Наследие проклятой королевы (СИ) - Осипов Игорь. Страница 101
Мы молча глядели на приближающуюся хозяйку Золотого Ручья. Лишь Лукреция вместо слов цокнула языком и протяжно вздохнула.
— Ты не рад мне, человек?! — наигранным вежливым голосом спросила потусторонняя знакомая, остановившись в пяти шагах от нас.

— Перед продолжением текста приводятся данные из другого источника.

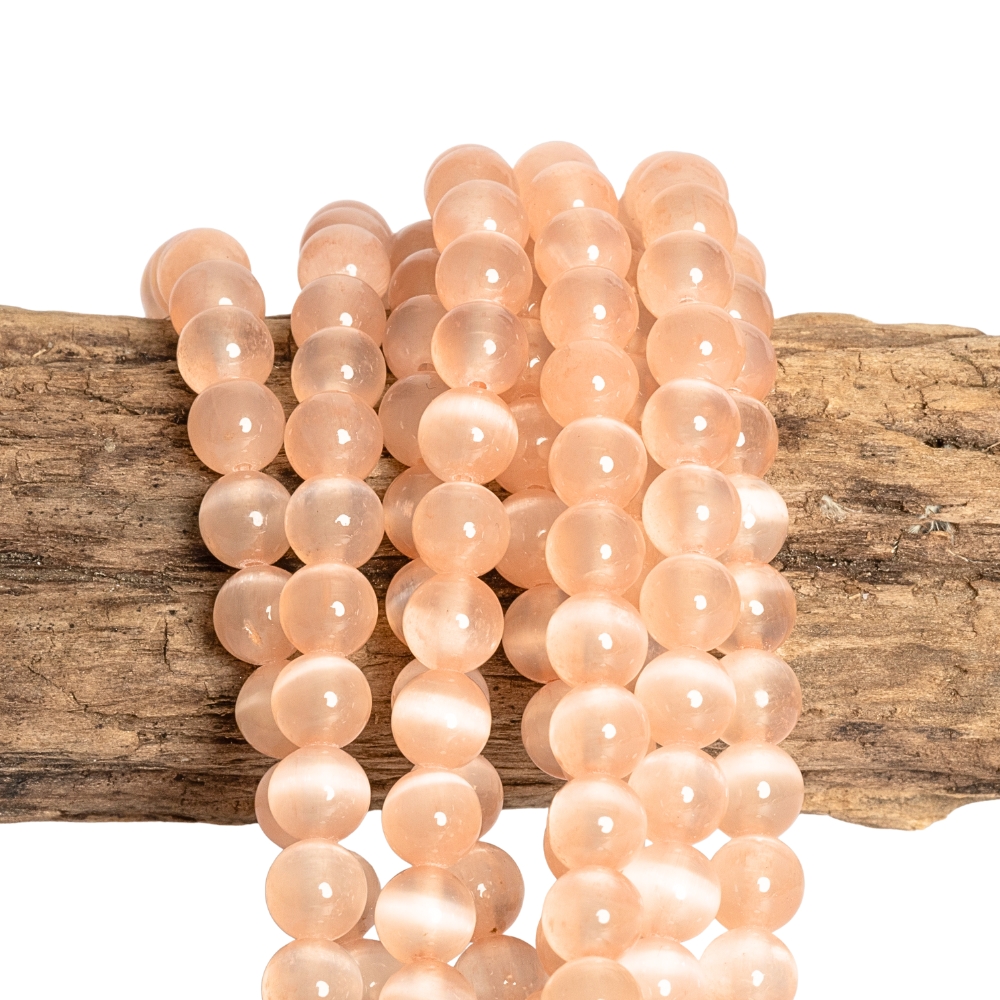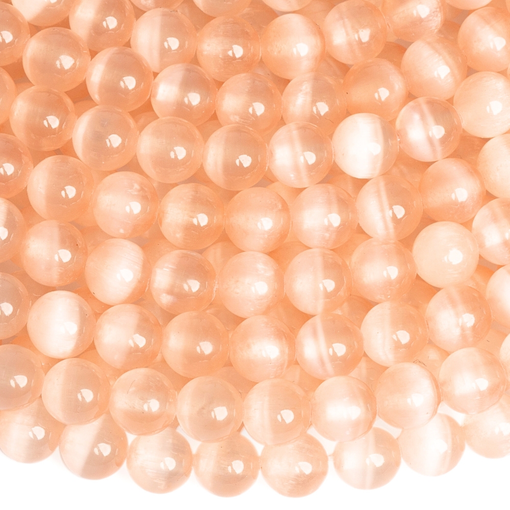Lazacszínű szelenit gyöngyök 6 mm félhosszú zsinór
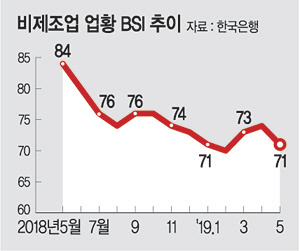 제조업과 달리 비제조업 업황 BSI는 71로 3포인트 하락했다. 광고 대행과 건설 엔지니어링 수요가 줄어든 영향으로 전문·과학·기술(69)에서 11포인트 하락했다. 신규 분양 감소, 부동산 개발 수요 부진 영향으로 부동산업(61)도 10포인트 내렸다. 광고와 부동산은 실제 경기침체의 ‘바로미터’로 불리는 만큼 불황의 적신호가 아니냐는 해석이 나온다.
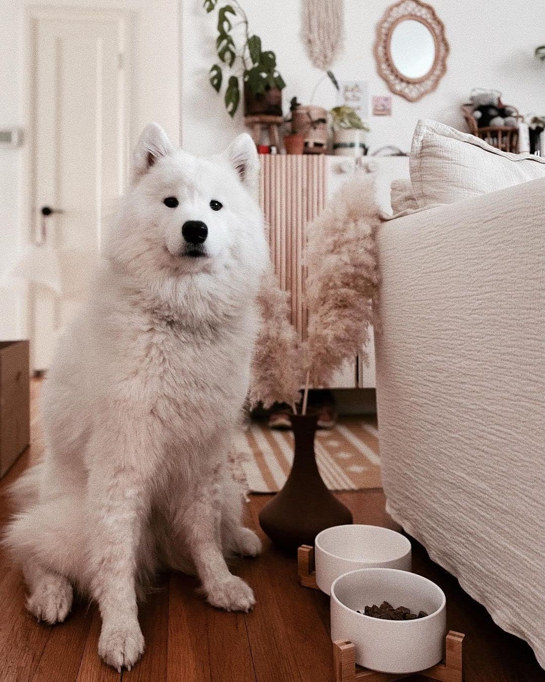- Double Bowl Design:One dog bowl for food and one for water, Each ceramic cat bowl has a Unique wooden stand, raising the dishes closer to your pet for more comfortable eating

— Добить пришла? — огрызнулся я.
Акварель задрала лицо вверх, отчего из-под края фарфоровой маски стала заметна нижняя челюсть голого черепа, и звонко засмеялась.
— Напротив, ты создал для меня санпилар и оросил его своей кровью. Ты под моей опекой.
Я поглядел на спутниц, стиснул кулаки и шагнул к богиньке.
— И где ты была раньше?! — закричал я, ткнув пальцем в грудь этой пафосной дуре. Действительно, холодная и мокрая, как полагается воде. — Где?!
— Ты забываешься смертный, — процедила богинька. — А что до опеки, то у Небесной Пары очень строгий свод правил.
— Поздно! Мне уже не нужна помощь!
Я вернулся к своим спутницам, сконфуженно глядящим на мою перепалку со сверхъестественной сущностью.
— И о чём бы ты меня попросил, смертный? Не об этом ли? — сменив тон нас самодовольный, произнесла в спину Акварель.
Я обернулся. А богинька плавно и изящно отвела в сторону руку, показывая на место подле себя. Из тумана медленно выполз, сжимаясь и разжимаясь, как пружинка, зеленовато-прозрачный речной червь, а в его кольцах зажата голая Катарина, вернувшая себе человеческий облик. Девушка, стиснутая хваткой водного чудовища, мола лишь молча моргать.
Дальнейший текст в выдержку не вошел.